Je serai officier ou ferai tout pour l’être : mais la solde est maigre. Je ne vais dès ce moment rien négliger pour la compléter… Lorsqu’elle viendra. Mais tu vois que ce domaine-là est incertain et je tiens à le souligner, et cela durera nécessairement autant que la guerre. Je ne veux pas que tu puisses souffrir de quoi que ce soit ; je ferai tout, toute ma vie pour que nous puissions jouir des meilleurs conditions matérielles. Mais la guerre est une impasse dans laquelle je ne puis guère agir.
Tu comprends bien que je ne t’expose pas ces ennuyeuses et assommantes questions “d’affaires” parce que j’y attache une importance fondamentale ! Je t’aime et cela seul m’importe. Mais je veux que toi tu aies tous les éléments d’appréciation. Je suis d’ailleurs confiant dans l’avenir. Nous avons dit : avant la fin de 1940 nous serons mariés. Sur cette échéance, nous essaierons de grignoter le plus possible. Ce serait si bien d’arriver à notre but avec l’automne !
Mon petit Zou chéri, je relis ma lettre et je m’aperçois que je ne t’ai parlé jusque-là de choses sérieuses… Comme disent les gens qui n’y comprennent rien ! Pardonne-moi en comprenant que je devais les écrire. Et maintenant, laisse-moi te dire que tout ce qui n’est pas ton amour ne compte absolument pas pour moi. J’ai la volonté forcenée de te rendre heureuse. Je t’assure que rien n’arrêtera cette volonté-là. Je résoudrai tous ces problèmes matériels, parce que je le veux. Tout mon bonheur repose sur toi et je désire ardemment ce jour où tu seras ma femme. Je forcerai bien ce jour à venir sans tarder. Parce que je t’aime, parce que je t’adore.
Ma petite fille bien-aimée, je crois que si je ne craignais d’être monotone, je ne ferai que t’écrire : je t’aime, à chaque ligne. Je voudrais te raconter mes journées, que je ne ferais que te parler de toi. Tu es toute ma pensée, tout mon désir.
Mon emploi du temps se rend d’ailleurs complice de cette perpétuelle évasion vers toi, car il n’abonde guère en variétés ! Demain matin, dimanche, départ à sept heures pour le travail (fossés anti-chars) ; nous restons sur le terrain jusqu’à seize heures. Au retour, il fait nuit et le dîner approche. Et puis on tombe de sommeil. Je couche actuellement dans une maison hors du village (600 mètres, environ), où j’ai trouvé une belle chambre. Inconvénients : ni lumière, ni chauffage central ! Mais à cela on commence à se faire. Mon hôtesse est très gentille. Quelle que soit l’heure de mon lever, elle me prépare un bon café au lait agrémenté de tartines beurrées. Quel luxe ! J’ai quelques livres, actuellement : Ramuz, Suarès et toujours Romains. Mais j’avoue que le sommeil économise mes bougies.

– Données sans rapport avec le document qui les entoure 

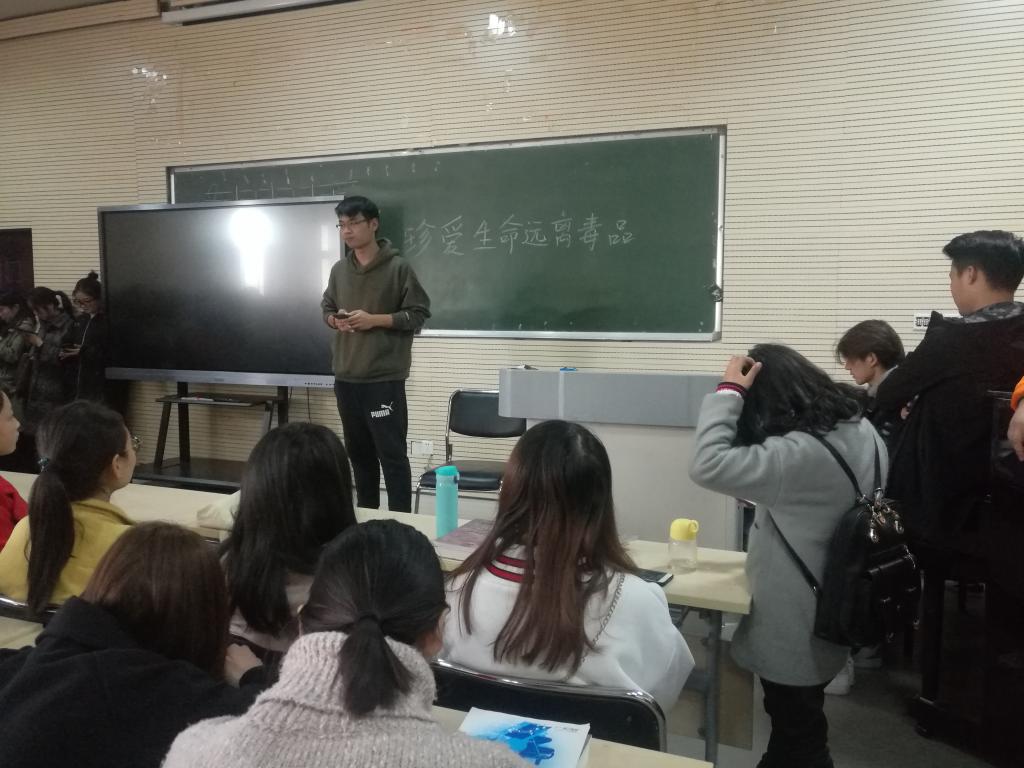 17级于2018年11月20日在A402召开“珍爱生命远离毒品”主题班会。班会由辅导员主持。声乐171班班长黄俊熙上台发言,向同学们讲述了关于吸毒的危害,辅导员组织员工进行讨论,最后辅导员总结发言,告诫17级全体同学,为了自己和家人,远离毒品,珍爱生命。
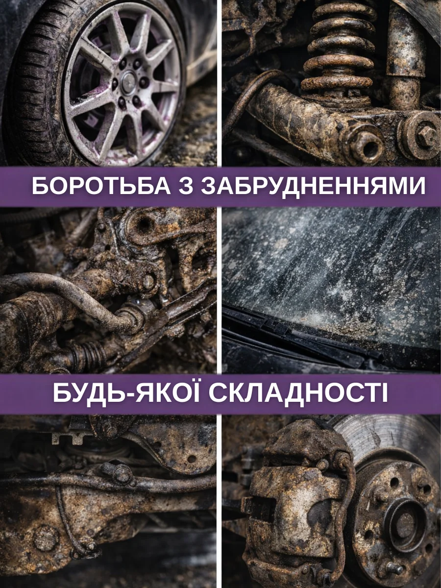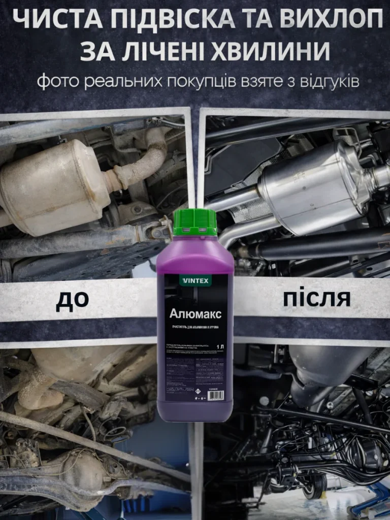 Ефективно видаляє наліт, технічні відкладення та корозійні утворення з підвіски, вихлопної системи та алюмінієвих елементів.
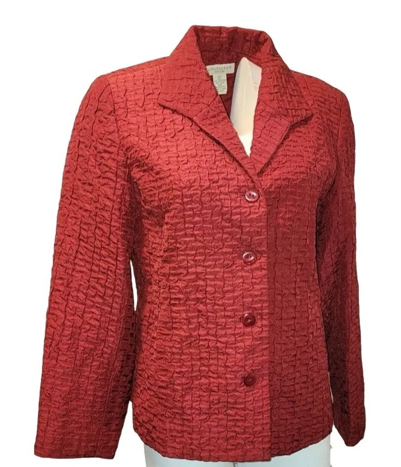 Appleseeds Blazer Jacket Women's Size 14 Red Long Sleeve Textured Classic Career - $18 - From Wild
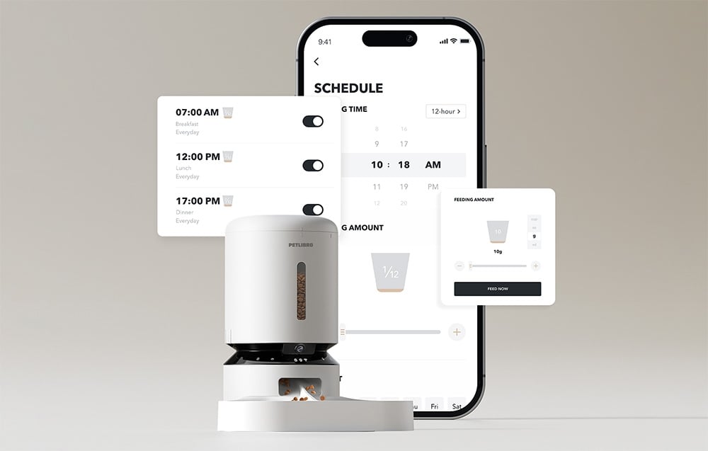 Az adagoló támogatja a 2,4 GHz-es (szélesebb hatótávolság) és az 5 GHz-es (gyorsabb átvitel) sávokat is, ami stabil kapcsolatot garantál a Petlibro alkalmazással. Mozgás- és hangjelzéseket kaphat, beállíthatja a riasztások érzékenységét, és három kameranézési tartomány közül választhat. A videót helyileg MicroSD-kártyára vagy felhőbe mentheti - amelyik Önnek kényelmesebb!
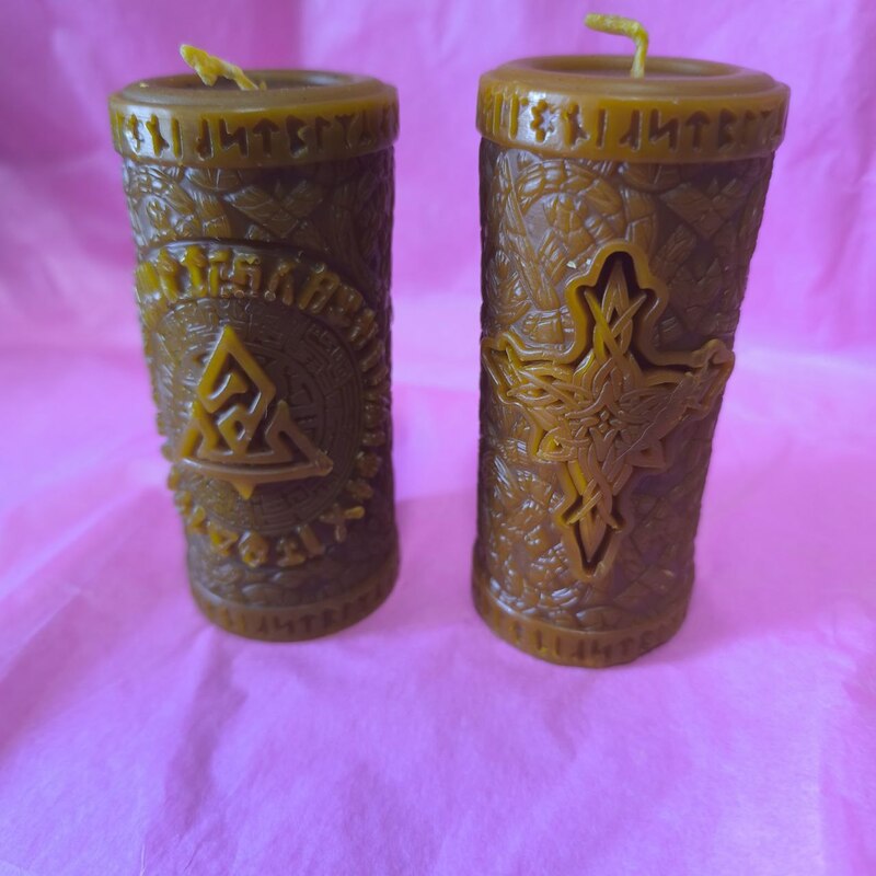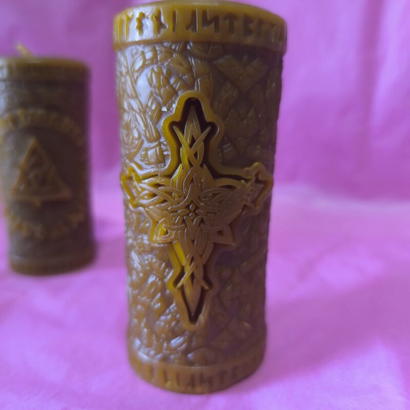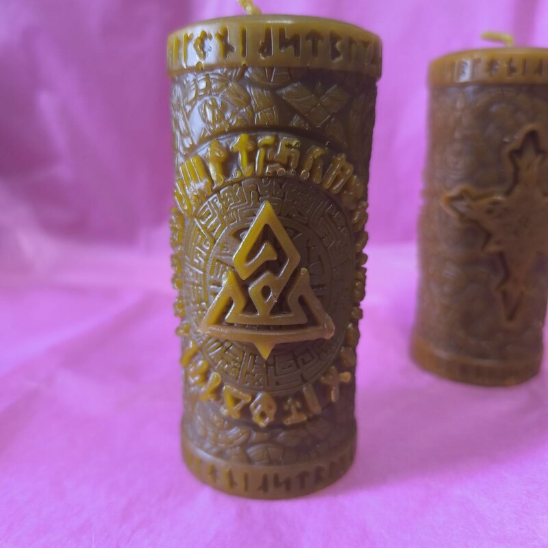 VELÓN INTENCIONADO LAS RUNAS VIKINGAS. VALKUR Y ESTRELLA DEL NORTE. CERA MIEL NATURAL ARTESANA. CERA MACIZA LARGA DURACIÓN. 12X6 CM
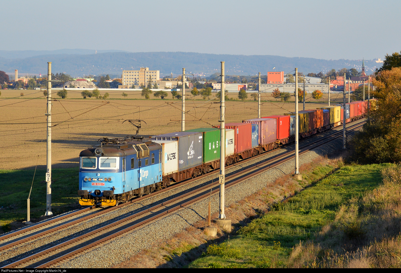 | In the glow of the last rays of the setting sun, the electric locomotive 130.022-7 hauling a container train, Passing the vicinity of the village Štěpánov visible in the background. |
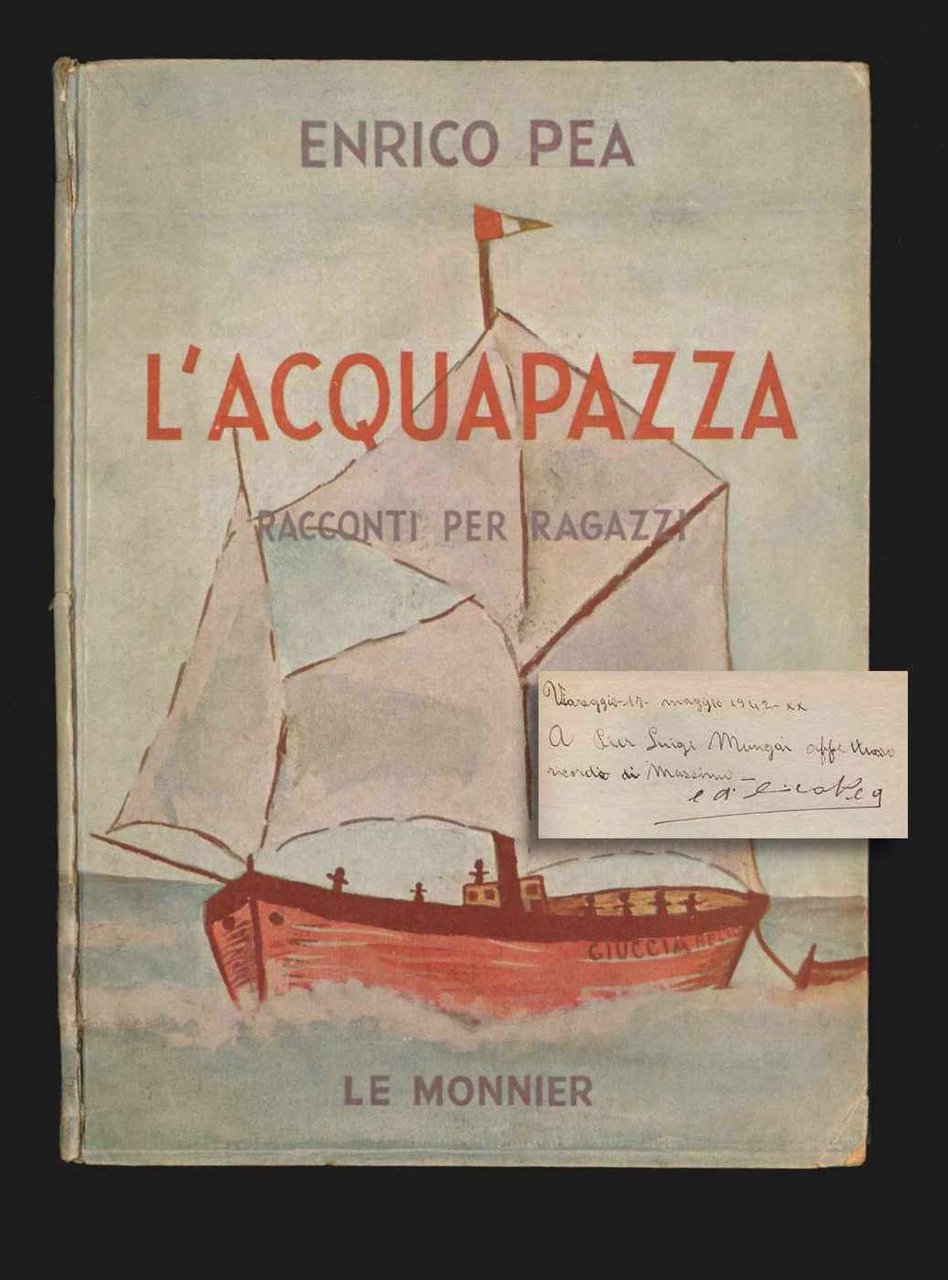 LIBRO Prima edizione. CON AUTOGRAFO. Piccole imperfezioni al dorso e al piatto posteriore, nel complesso un ottimo esemplare. Dedica autografa di Massimo Bellora e firma autografa di Enrico Pea. Raccolta di racconti per ragazzi, tutti tratti da opere dello stesso Pea con note a piè pagina che spiegano il significato di alcune parole o espressioni. Le undici tavole di Bellora rappresentano momenti specifici di altrettanti racconti.
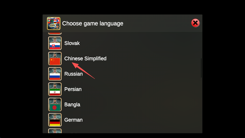 1、进入欧洲帝国2027游戏,点击“Chinese Simplified”,就可以设置成简体中文了。
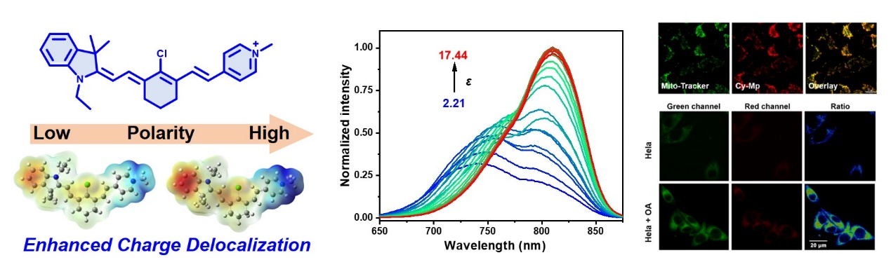 近日,我院陈忠研博士在国际期刊《Analytical Chemistry》发表了题为“Rational Design of a Near-Infrared Ratiometric Probe with a Large Stokes Shift: Visualization of Polarity Abnormalities in Non-Alcoholic Fatty Liver Model Mice”的论文。该工作中,作者通过花菁对称性塌陷策略设计合成了一例近红外极性荧光探针Cy-Mp,实现了健康小鼠和NAFL小鼠的成像区分。理论计算结果表明,与传统花菁Cy7-Cl相比,Cy-Mp由局域激发向电荷转移激发转变,同时Cy-Mp分子的电荷排布受环境极性影响,可以灵敏响应环境极性的改变,实现对溶液极性的快速、灵敏比率检测,且测试结果不受粘度和生命体系中常见物质的干扰。
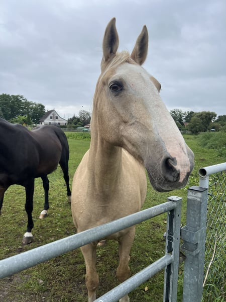 Our beautiful Palomino Tinker mare (approximately 1.50 m tall, with passport) is looking for a loving home where she can simply be a horse. I originally bought her as a riding and companion horse for my daughter. Unfortunately, it has become clear that she gets very nervous and tense under saddle and is therefore not suitable as a riding horse. She is also insecure while walking and needs experienced hands. In stable life and during grooming, she is uncomplicated and friendly. She has already had foals and is very well suited for breeding due to her special Palomino coloring. She is also well suited as a companion horse in a herd. She is sensitive to dust but currently shows little to no symptoms as long as her care takes this into account (e.g., open stable, steamed hay, or low-dust feeding). Price upon request / negotiable. It is important to me that she goes to a home where she can enjoy her last years in peace and where her needs are taken into consideration.
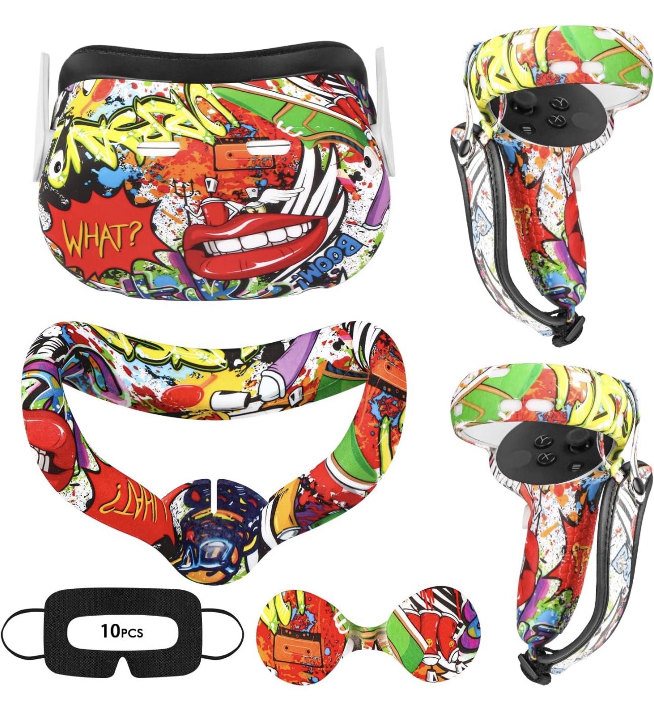 Accessories for Oculus Quest 2, YIZEIJOB VR Protective Silicone Cover Skin Set Compatible with Meta Quest 2 - Street Graffiti Features & details 🔥【Unique Street Graffiti Pattern】Exclusive colorful street graffiti pattern, give your quest 2 a new look and make it the most eye-catching device ever! each pattern is non-repetitive, making your Quest 2 a unique existence! It's also an ideal gift for your friends who owned quest 2!!! 🔥【Full Protection for Oculus Quest 2】This 5-in-1 quest 2 accessories bundle is specially designed for meta oculus quest 2, which can provide perfect full-body protection for your device from scratches and other accidental damage. 🔥【No Cooling Obstruction, No Signal Blocking】The surface of the front shell cover and controller grips cover is designed with multiple cooling holes and precise signal connection holes that will not block the signal connection and heat dissipation of the quest 2 headset. 🔥【Made of Improved High-Quality Silicone Materials】Our silicone cover set is made of improved high-quality materials. new lightweight, durable and eco-friendly molecular silicone materials without a pungent smell. Such a great quest 2 accessories you must have one! 🔥【What Can You Get From This Quest2 Accessories Set】The occlusion quest 2 accessory bundle includes 1* headset front shell cover, 1* anti-sweat face cushion cover pad, 1* VR camera lens protective cover, 2* quest 2 touch controller grips silicone skin cover, 10* disposable eye mask cover and satisfactory service.
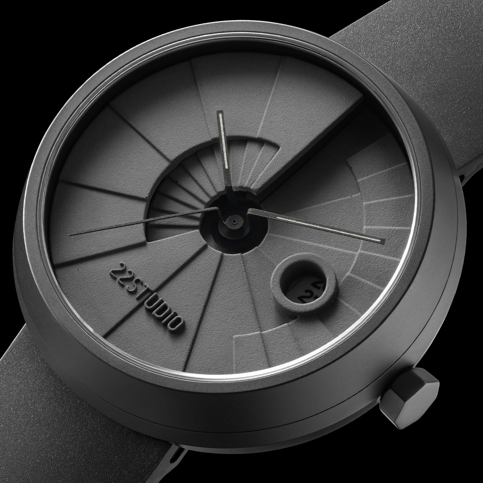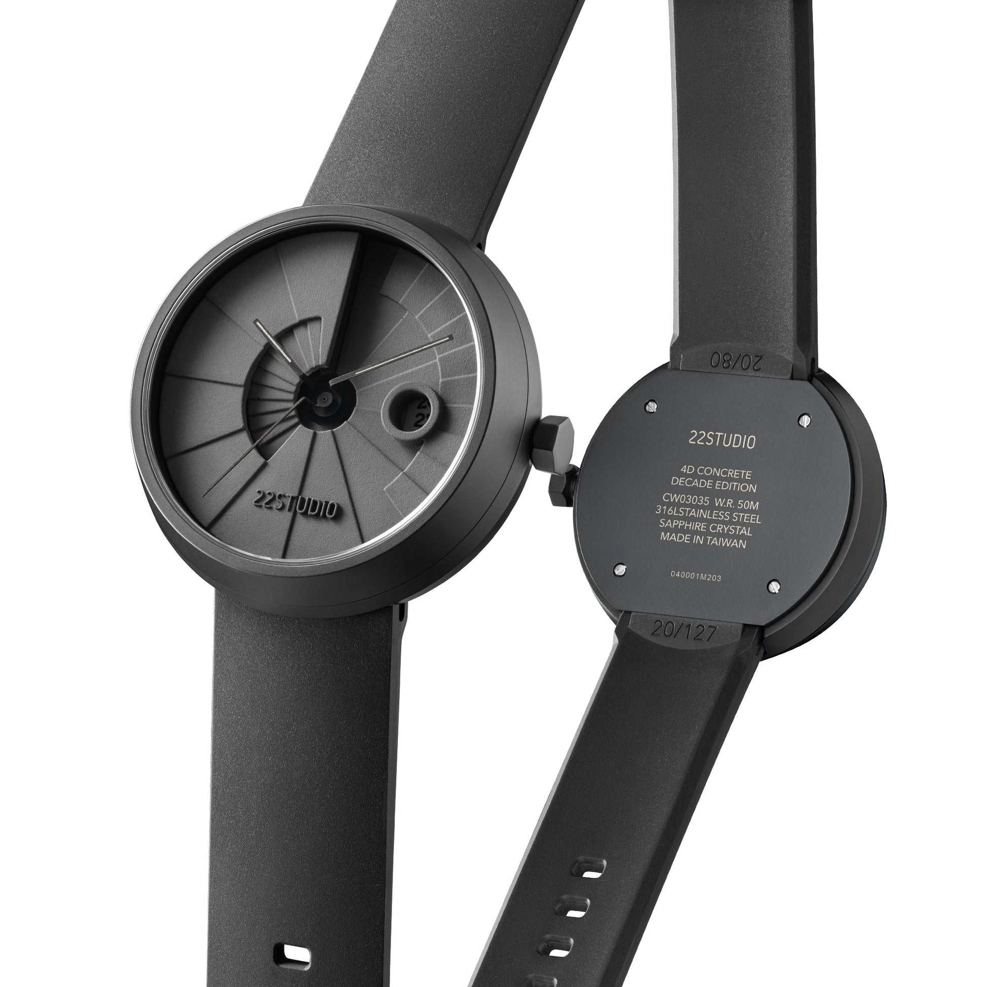 Striking the optimal balance between the weight of the concrete watch and wearing comfort has always been our priority. After numerous attempts, 22STUDIO has finally developed a "strap curvature fixer" specifically for our watches. This fixer creates a perfect oval shape when attaching the strap to the watch, significantly improving the wearing experience with better balance and comfort. It is first introduced in the Ten-Year Anniversary Upgraded Classic Edition of the Four Dimensions series.
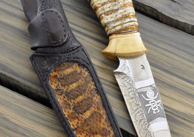 Sheath: Shaft leather whith inlay of diamondback rattlesnake
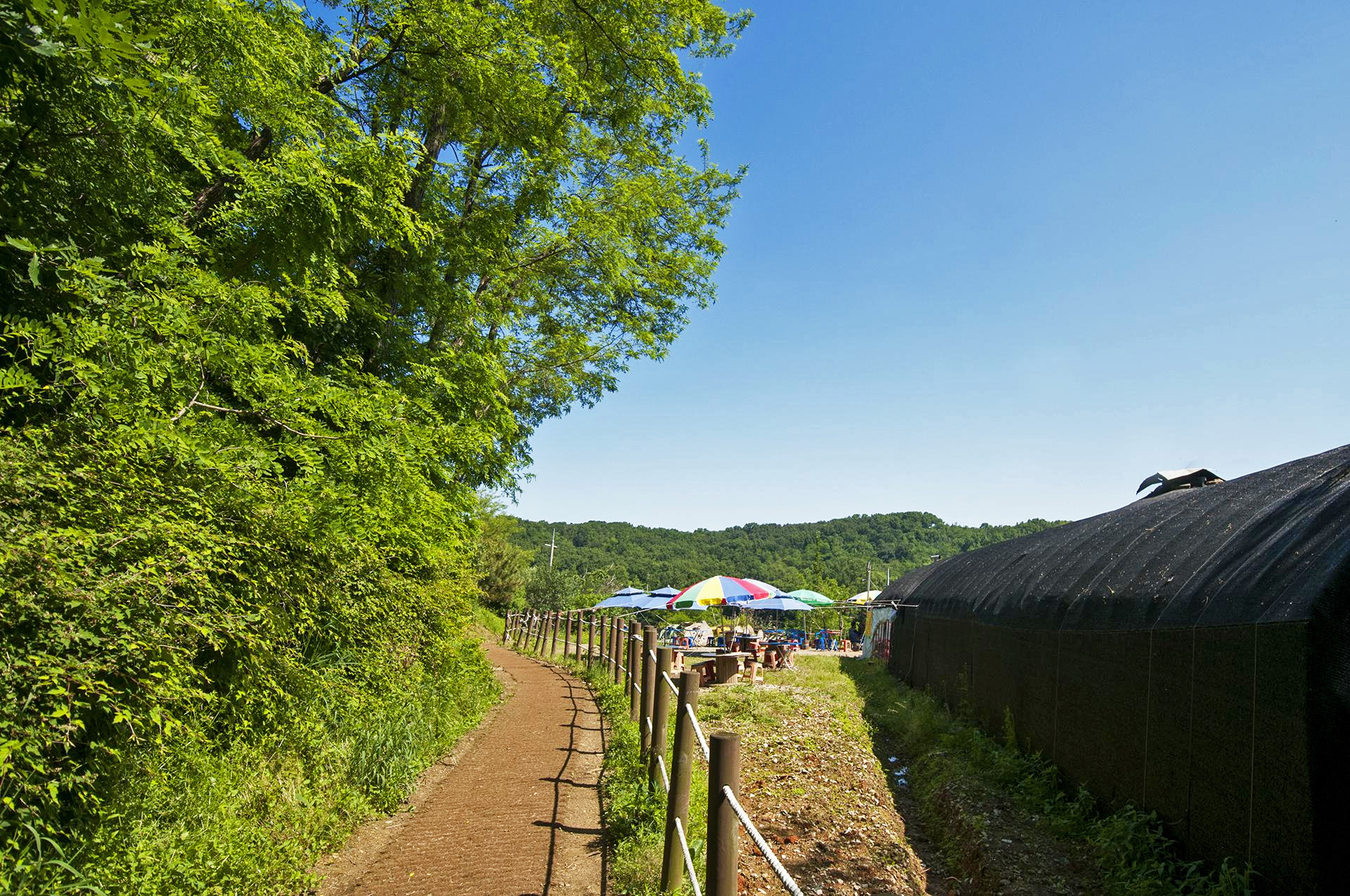 알록달록 파라솔이 세워진 식당을 하나 더 지나고

J’ai retrouvé mon groupe dont quelques unités sont toujours en prison. Et quelle prison ! Comme les prisonniers sont gens débrouillards (et qu’ils n’ont que cela à faire), ils ont aménagé tout le confort moderne : électricité, poêle, donc eau chaude, nourriture savante et variée (ce matin “mes” prisonniers mangeaient des harengs à l’huile, au vinaigre, à l’ail et à l’oignon à faire crever d’envie les malheureux trop sages qu’une conduite exemplaire condamne aux plats de la cuisine officielle !). Ils n’ont droit ni au vin, ni aux cigarettes, ni à l’alcool, et c’est eux qui vous en offrent ! Un Régiment colonial, c’est à voir !
Ma chérie, toutes ces histoires ne me font pas oublier l’essentiel. Veux-tu que je te parle de toi ? Alors là je deviens fou. J’ai envie de te dire que je t’aime certainement plus qu’aucun homme n’a aimé une femme, que tu es ma merveilleuse petite déesse, que j’adore. Tout ce que j’aime, tout ce que j’apprécie, tout ce que je goûte, tout ce que j’estime n’a de valeur qu’en raison de toi. Tu es Tout.
Et me voici à la sixième page. J’en profite aujourd’hui car désormais je serai sans doute obligé d’être plus bref. D’ailleurs, je ne te dis au fond qu’une seule chose : je t’aime. Il n’est pas impossible que nous changions de ciel sans trop tarder. Si tu ne reçois pas de nouvelles pendant quelques jours, ne t’inquiète pas, c’est que je voyagerai. Ce qui ne m’empêchera pas de penser à toi.
Bonsoir, ma bien-aimée, je t’embrasse et rien n’est suffisant pour te dire mon amour.